++++ Records for this task

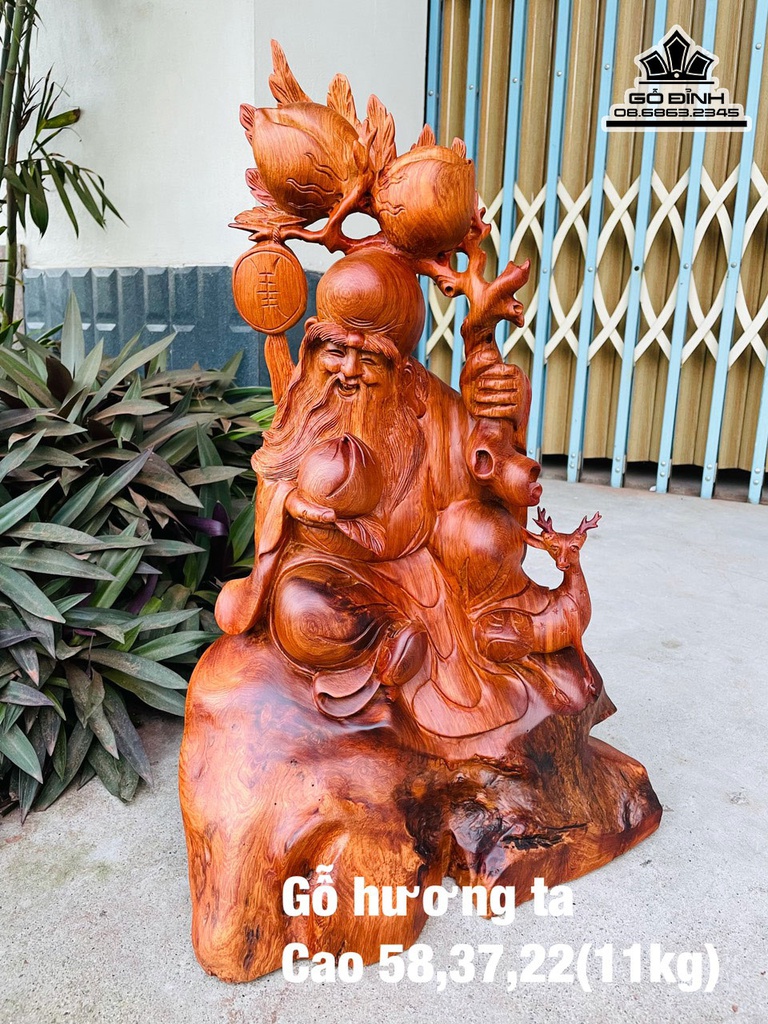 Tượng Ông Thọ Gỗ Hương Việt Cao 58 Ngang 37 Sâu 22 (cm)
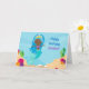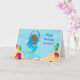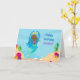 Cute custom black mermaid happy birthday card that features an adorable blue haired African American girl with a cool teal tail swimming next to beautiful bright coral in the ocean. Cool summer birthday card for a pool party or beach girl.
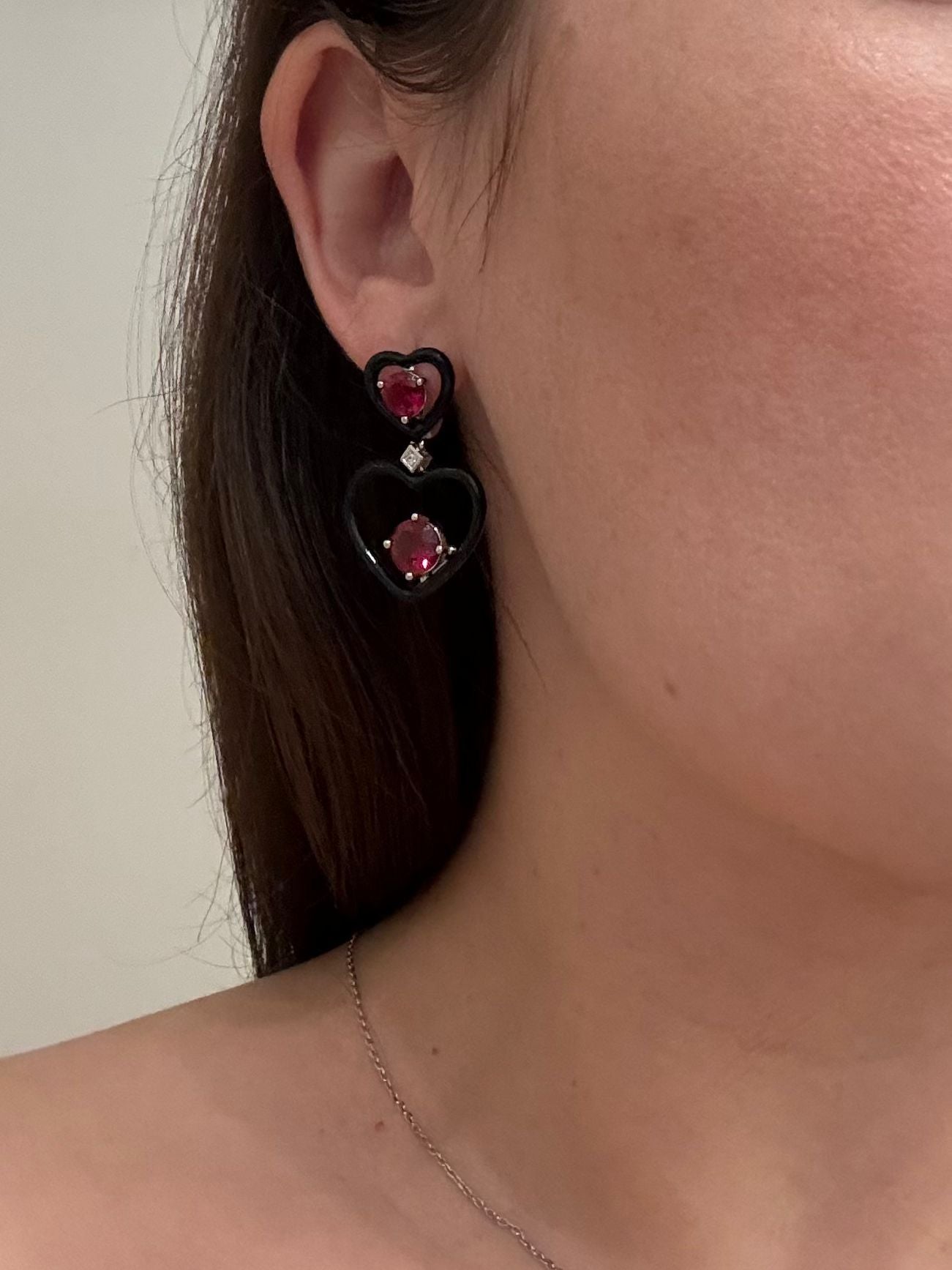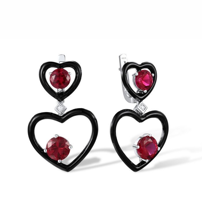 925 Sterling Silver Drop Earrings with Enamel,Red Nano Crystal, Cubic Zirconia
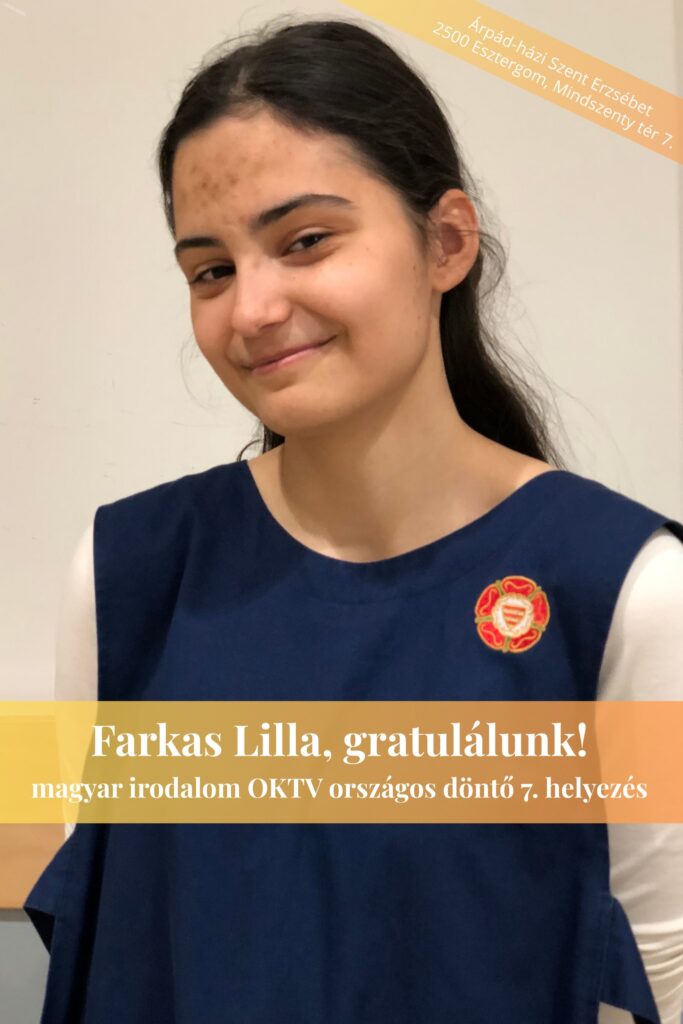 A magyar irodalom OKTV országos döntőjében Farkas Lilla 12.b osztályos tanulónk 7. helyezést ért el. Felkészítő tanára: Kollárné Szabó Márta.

++++++++
++++ Records for this task

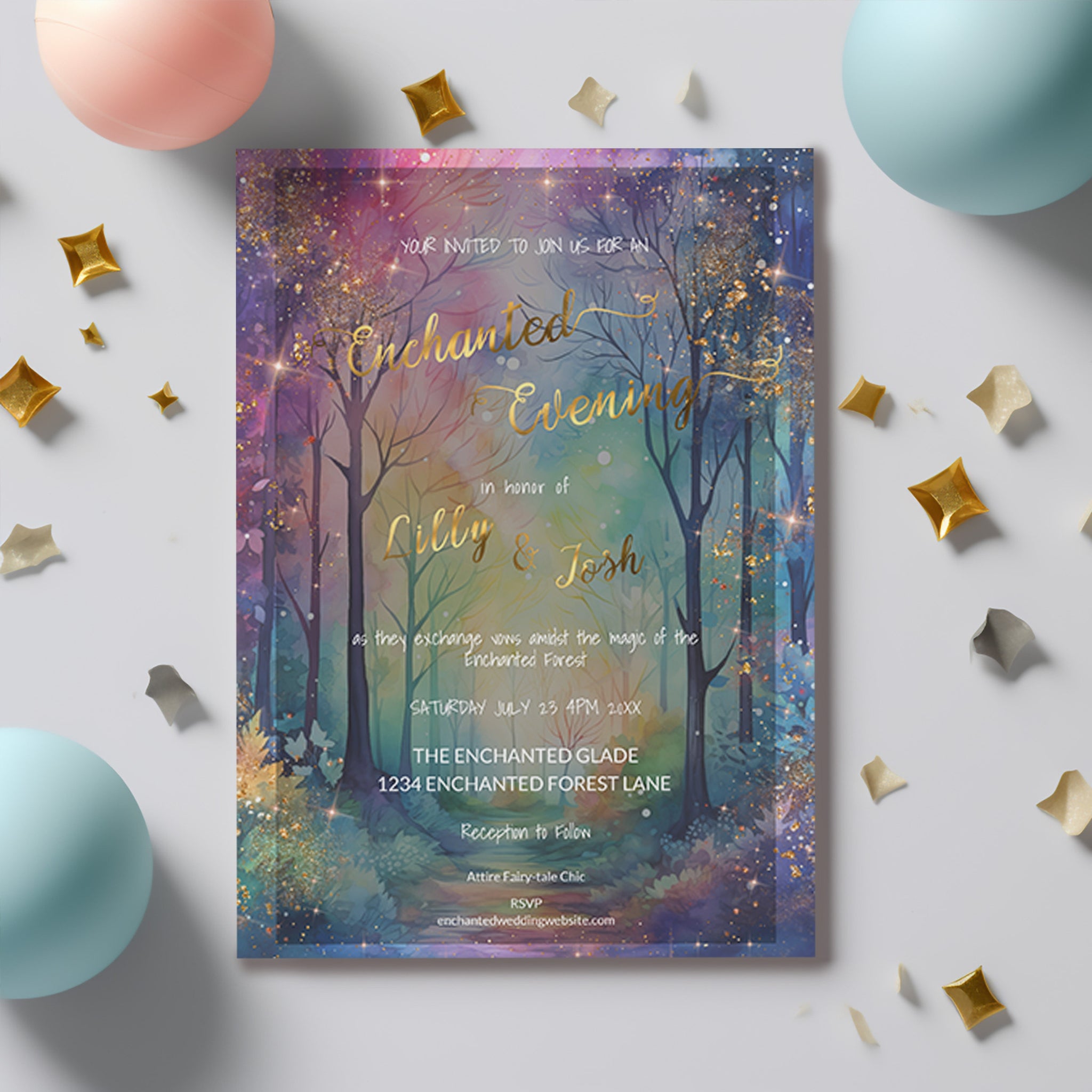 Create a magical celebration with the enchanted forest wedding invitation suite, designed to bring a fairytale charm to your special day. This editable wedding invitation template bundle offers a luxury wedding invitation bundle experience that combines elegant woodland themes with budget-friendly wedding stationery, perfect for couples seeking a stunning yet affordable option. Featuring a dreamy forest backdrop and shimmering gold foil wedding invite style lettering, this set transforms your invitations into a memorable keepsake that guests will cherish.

++++++++
++++ Records for this task

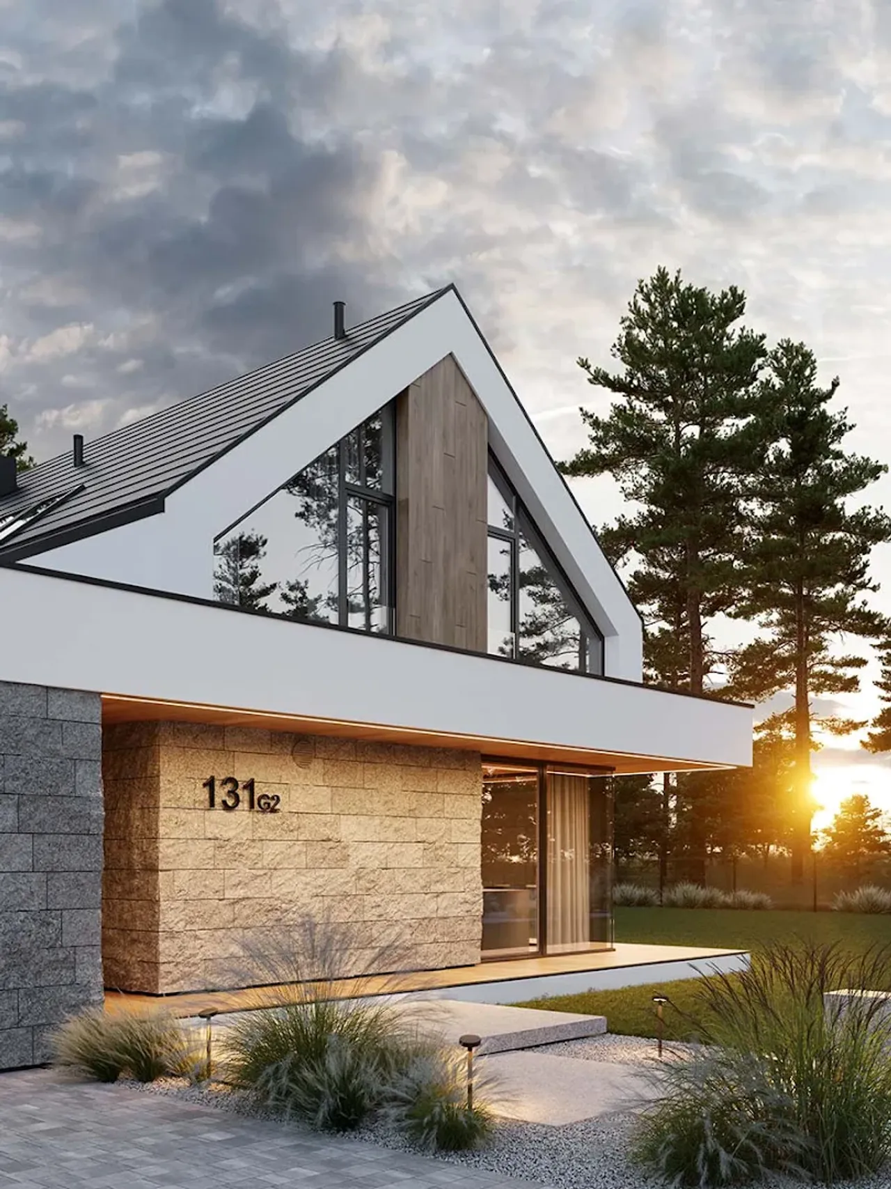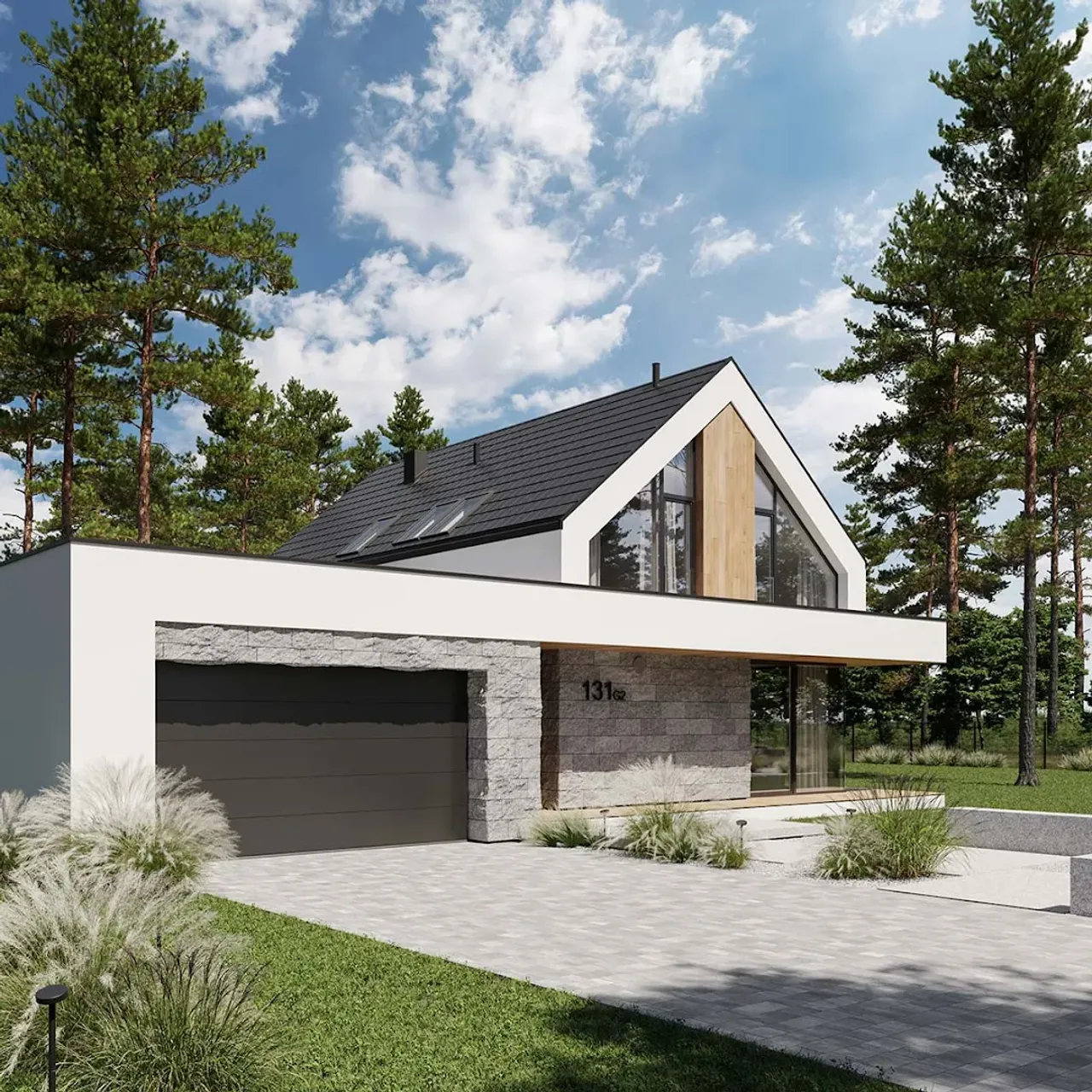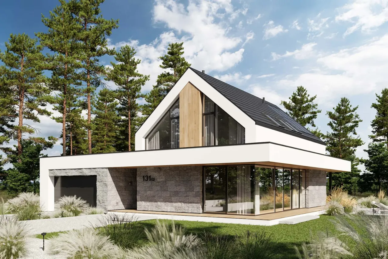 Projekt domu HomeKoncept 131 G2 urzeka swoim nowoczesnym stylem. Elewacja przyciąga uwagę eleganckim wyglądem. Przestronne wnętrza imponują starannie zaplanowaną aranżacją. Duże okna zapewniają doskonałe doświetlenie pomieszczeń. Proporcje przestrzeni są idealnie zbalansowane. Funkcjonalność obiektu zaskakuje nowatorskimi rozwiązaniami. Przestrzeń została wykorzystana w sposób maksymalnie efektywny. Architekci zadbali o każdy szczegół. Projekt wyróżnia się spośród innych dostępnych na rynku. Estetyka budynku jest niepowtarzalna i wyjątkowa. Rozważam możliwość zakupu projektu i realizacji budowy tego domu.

++++++++

Find the line with "Tượng Ông Thọ" in the data above, and from there retype each line exactly through the line with "A magyar irodalom", skipping the pictures along the way.

 Tượng Ông Thọ Gỗ Hương Việt Cao 58 Ngang 37 Sâu 22 (cm)
 Cute custom black mermaid happy birthday card that features an adorable blue haired African American girl with a cool teal tail swimming next to beautiful bright coral in the ocean. Cool summer birthday card for a pool party or beach girl.
 925 Sterling Silver Drop Earrings with Enamel,Red Nano Crystal, Cubic Zirconia
 A magyar irodalom OKTV országos döntőjében Farkas Lilla 12.b osztályos tanulónk 7. helyezést ért el. Felkészítő tanára: Kollárné Szabó Márta.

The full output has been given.